(What to work on): Using the data below, output a verbatim copy of the lines between the one holding "Domingo 15 de" and the one holding "Kjole fra MbyM", inclusive, without any pictures.

(Information supplied):
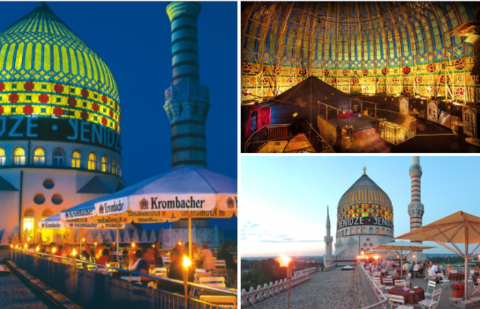Теперь на месте столовой для работников фабрики открыли роскошный ресторан, с террасы которого открывается прекрасный панорамный вид (Yenidze, Дрезден). | Фото: yenidze.eu.
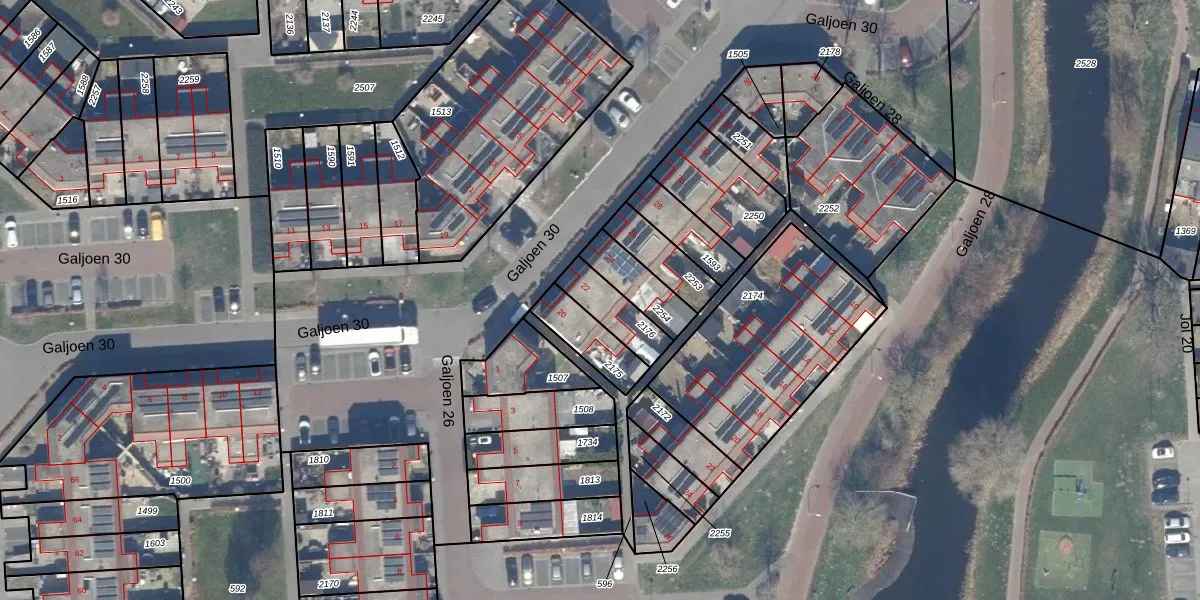 Galjoen 30 22 is gelegen op kadastraal perceel LLS00N2176. Deze kadastrale aanduiding is uniek en wordt gebruikt door het Kadaster om eigendomsrechten en andere zakelijke rechten vast te leggen. Het perceel maakt onderdeel uit van de kadastrale gemeente Lelystad.
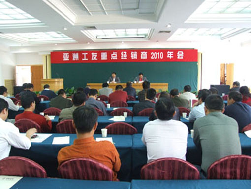 本報訊   10月28日,“亞洲工友2010年重點經銷商大會”在廈門白鷺賓館召開,會議的主題是“開拓創新、轉變思路、調整營銷策略、打造更加強壯的產銷鏈 ”。董事長董延偉到會并做了重要講話,公司總經理羅壽平主持會議。副總經理李忠剛、宋志敏、劉新輝以及技術研發、生產、銷售等部門相關人員以及來自全國各地120多家經銷商參加了會議。
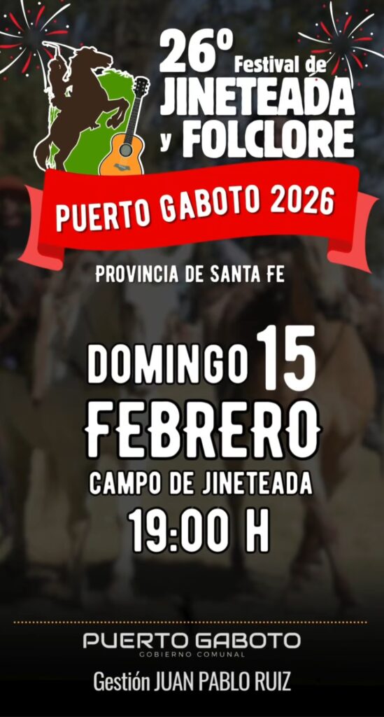 Domingo 15 de febrero, Puerto Gaboto, en la provincia de Santa Fe, será escenario de una de las fiestas criollas más importantes de la región: la Gran Jineteada en Clinas y Bastos, un evento que reunirá coraje, tradición y música popular desde las 19 horas.
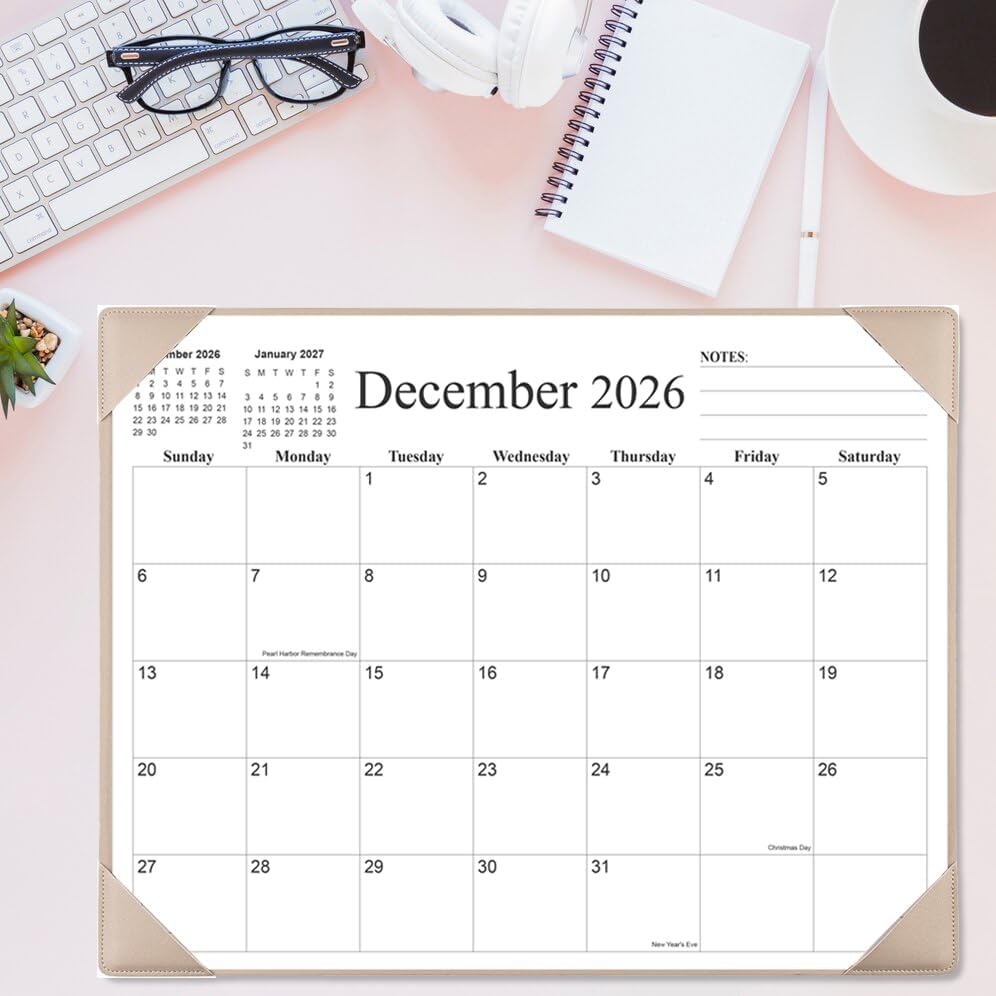 PREMIUM QUALITY – Using 140 gsm high quallity paper for this 2025-2026 large desk calendar. The thick, matte paper allows smooth writing and prevents ink bleeding, make it fits most pens.
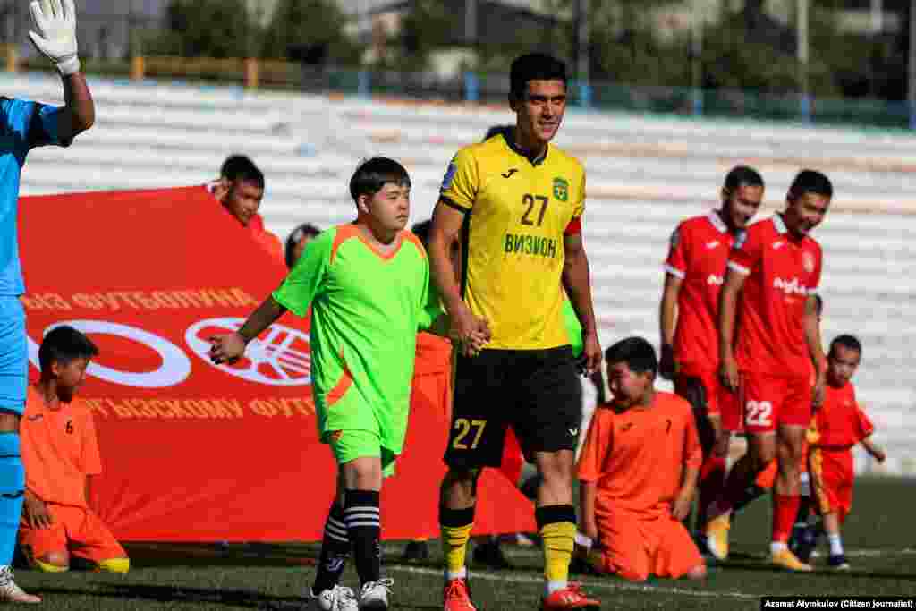 “Алай” жана “Алга” командаларынын Оштогу беттешинин алдында футболчулар оюн талаасында "Күн балдарынын" (даун синдрому) коштоосунда чыкты. Фотоблогер Азамат Алымкулов тарткан сүрөттөрдү сунуш кылабыз. Ата-энелерден, балдардан жана уюштуруучулардан уруксат алынган.
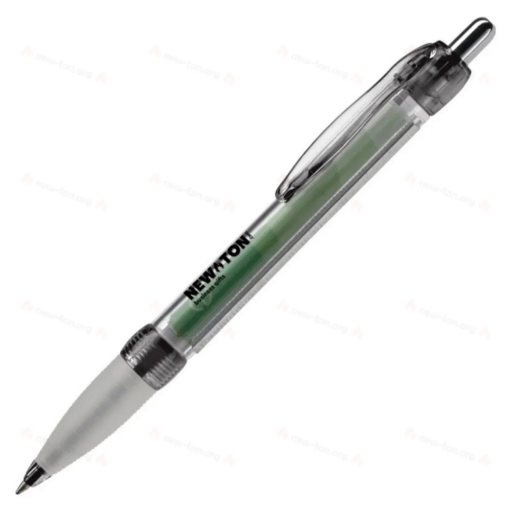 Прозрачная шариковая ручка с резиновым держателем. Полноцветная печать на обеих сторонах баннера, стандарт X20: синие чернила. Также возможно нанесение отпечатка на корпус или клипсу. Срок доставки составляет примерно шесть недель.
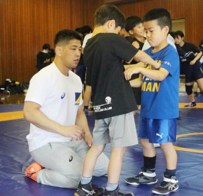東京五輪レスリング「銅」屋比久 宮崎市で基本を指導
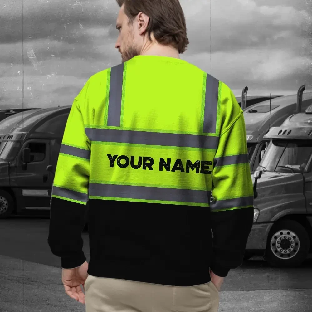 Hi Vis Long Sleeve Shirts Reflective Green Custom Name Safety Workwear
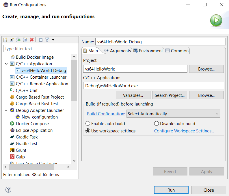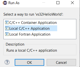 Click C/C++ Application then vs64HelloWorld Debug.Click Run button.
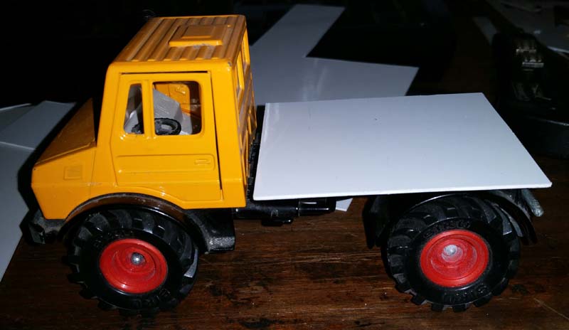 Auch hier tut sich mal wieder etwas. Diesmal hab ich mir den Siku Unimog 1700 vorgenommen. Insgesamt wird das gute Stück zunächst umlackiert (ja, ich gebs zu, ich bin Claas-Fan, insofern hab ich zum Claas Saatengrün gegriffen), dann bekommt er eine neue Heckmulde mit Häckselkante, die gleichzeitig als rechtskipper gestalltet wird. Der U-Mog soll später als Zugmaschine für ein HW 80 Gespann dienen.
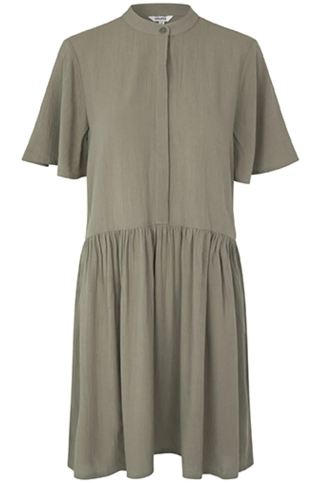 Kjole fra MbyM i en dæmpet grøn nuance. Den har skjortekrave, knapper foran og korte ærmer. Nederdelen falder løst fra taljen med et let og luftigt udtryk.
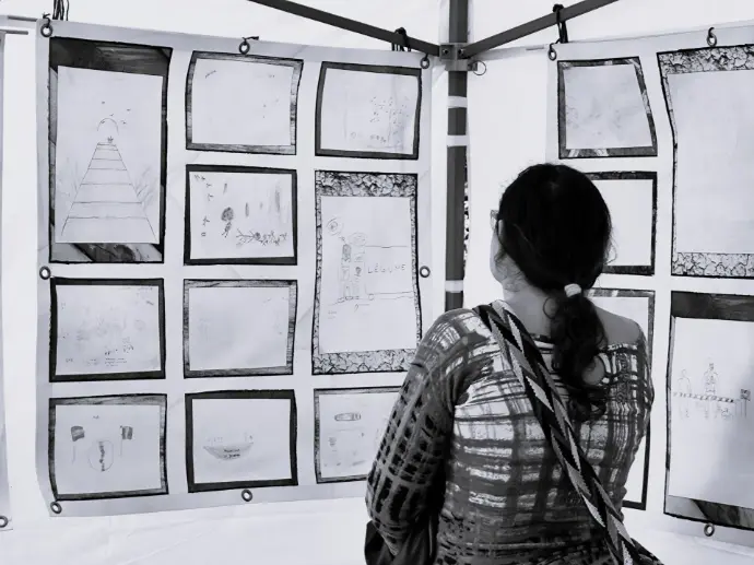 Pour que notre démarche ne se limite pas aux ateliers, nous avons créé trois expositions. Elles s'appuient sur les dessins et les réflexions de nos animations, invitant ainsi le public à s'interroger sur ses propres préjugés liés à l'immigration.
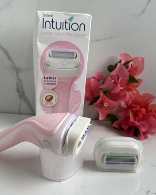 [This review was collected as part of a promotion.] The Schick intuition advanced moisturizing razor works great. I like that there is a moisturizing blade. You don't need to use shaving cream and it's very easy to use.
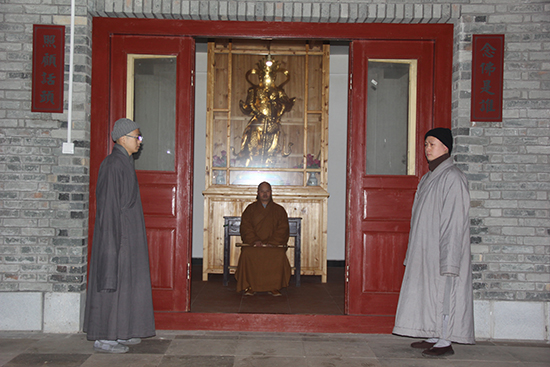 下午四时晚殿结束,两序大众在维那师父带领下,于丈室向方丈和尚告“生死假”,告过“生死假”后,意味着生也打七,死也打七,以期勇猛精进也。
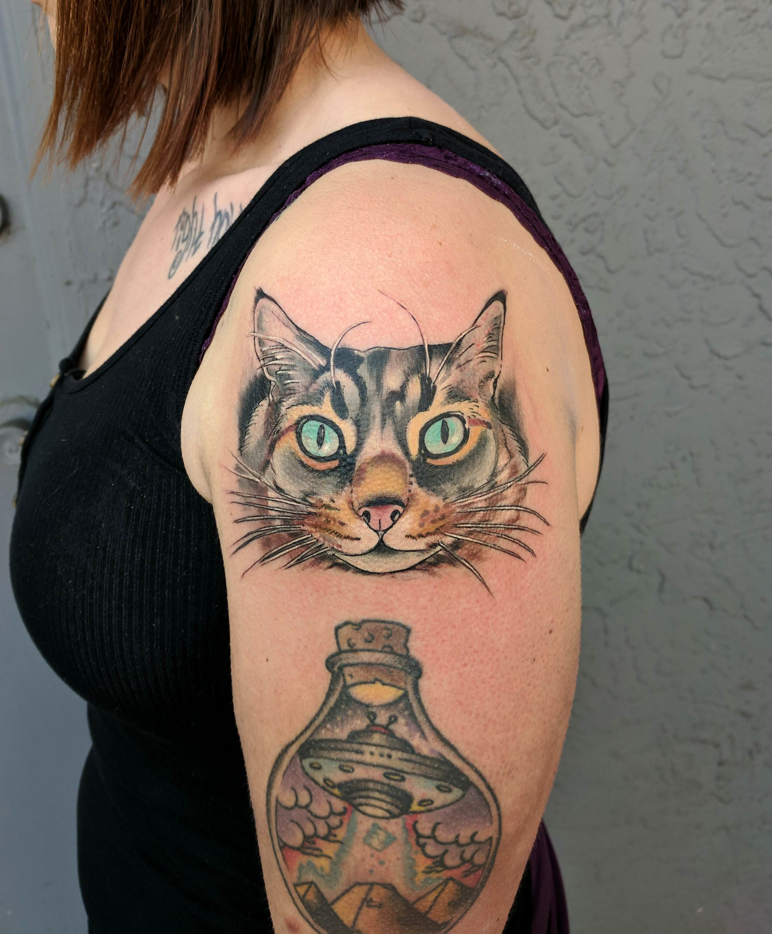 Cats and aliens. Both by Bryan Turnbull @ Government st tattoo. Victoria British Columbia
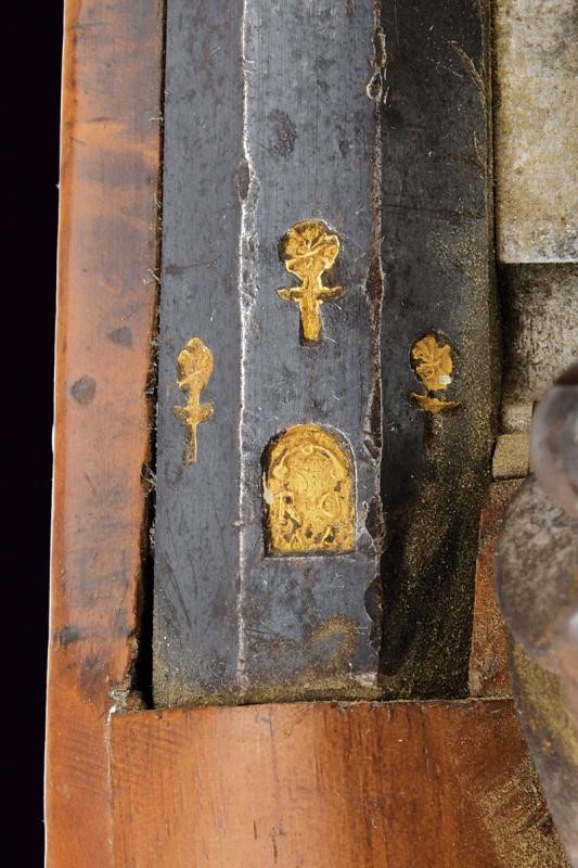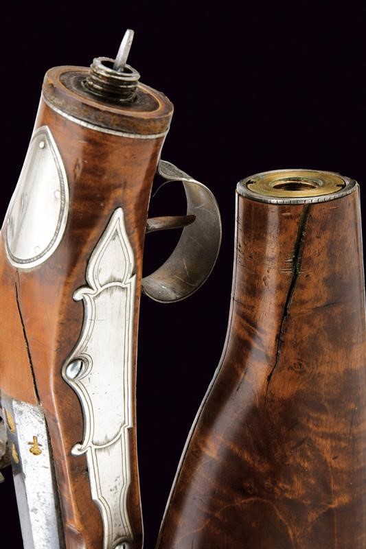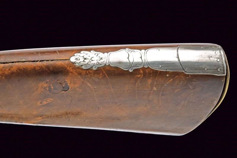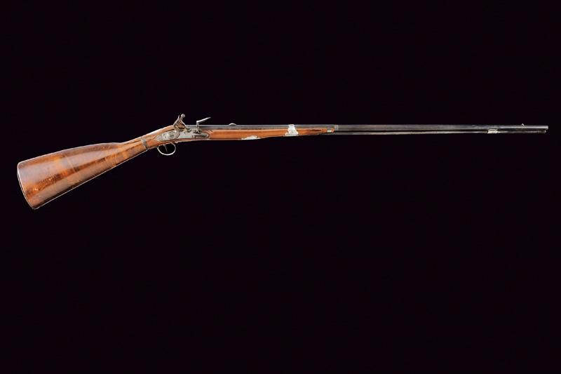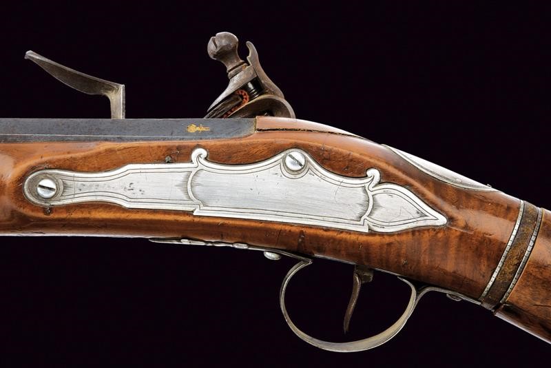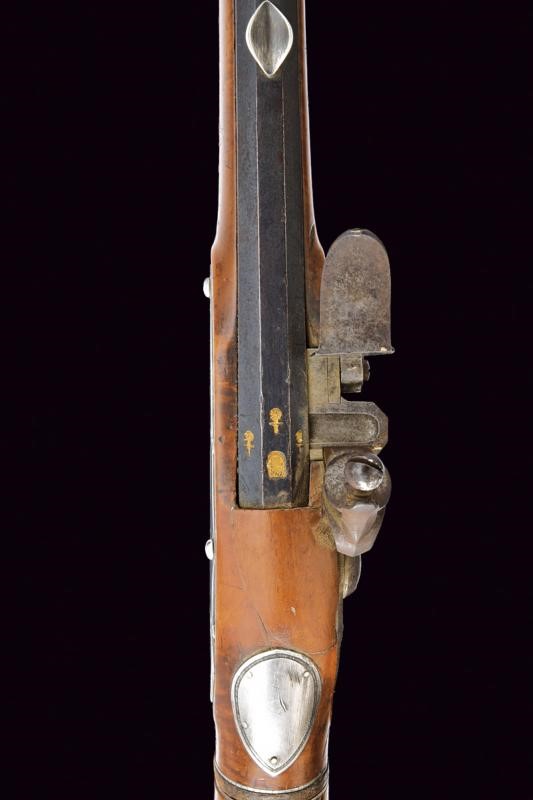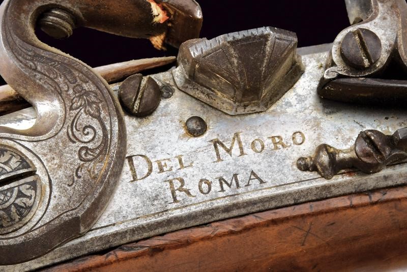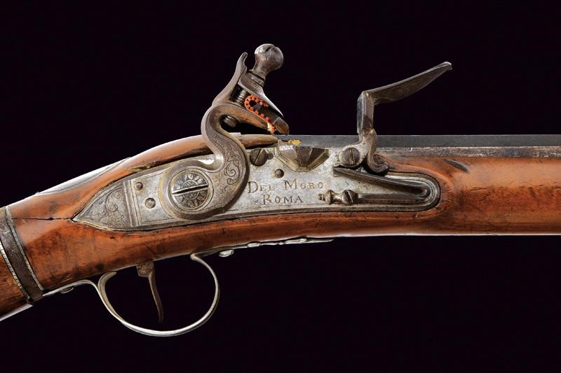 Lunga canna liscia a due ordini, prima ottagonale, con marca "ROMA" rimessa in oro tra tre fiori, dotata di traguardo a sella in argento, poi con anellatura al cambio e di sezione tonda, dotata di mirino, cal. 11 mm. Batteria a pietra focaia firmata "Del Moro Roma" con coda ribassata ed incisa a decorazioni floreali. Mezza cassa in legno (alcune crepe e restauri). Il calcio svitabile, contenente il serbatoio d'aria. Fornimenti in argento (con patina scura). Bacchetta con battipalla in corno e cavastracci in ferro con base in ottone.

(Exercise result):
 Domingo 15 de febrero, Puerto Gaboto, en la provincia de Santa Fe, será escenario de una de las fiestas criollas más importantes de la región: la Gran Jineteada en Clinas y Bastos, un evento que reunirá coraje, tradición y música popular desde las 19 horas.
 PREMIUM QUALITY – Using 140 gsm high quallity paper for this 2025-2026 large desk calendar. The thick, matte paper allows smooth writing and prevents ink bleeding, make it fits most pens.
 “Алай” жана “Алга” командаларынын Оштогу беттешинин алдында футболчулар оюн талаасында "Күн балдарынын" (даун синдрому) коштоосунда чыкты. Фотоблогер Азамат Алымкулов тарткан сүрөттөрдү сунуш кылабыз. Ата-энелерден, балдардан жана уюштуруучулардан уруксат алынган.
 Прозрачная шариковая ручка с резиновым держателем. Полноцветная печать на обеих сторонах баннера, стандарт X20: синие чернила. Также возможно нанесение отпечатка на корпус или клипсу. Срок доставки составляет примерно шесть недель.
東京五輪レスリング「銅」屋比久 宮崎市で基本を指導
 Hi Vis Long Sleeve Shirts Reflective Green Custom Name Safety Workwear
 Click C/C++ Application then vs64HelloWorld Debug.Click Run button.
 Auch hier tut sich mal wieder etwas. Diesmal hab ich mir den Siku Unimog 1700 vorgenommen. Insgesamt wird das gute Stück zunächst umlackiert (ja, ich gebs zu, ich bin Claas-Fan, insofern hab ich zum Claas Saatengrün gegriffen), dann bekommt er eine neue Heckmulde mit Häckselkante, die gleichzeitig als rechtskipper gestalltet wird. Der U-Mog soll später als Zugmaschine für ein HW 80 Gespann dienen.
 Kjole fra MbyM i en dæmpet grøn nuance. Den har skjortekrave, knapper foran og korte ærmer. Nederdelen falder løst fra taljen med et let og luftigt udtryk.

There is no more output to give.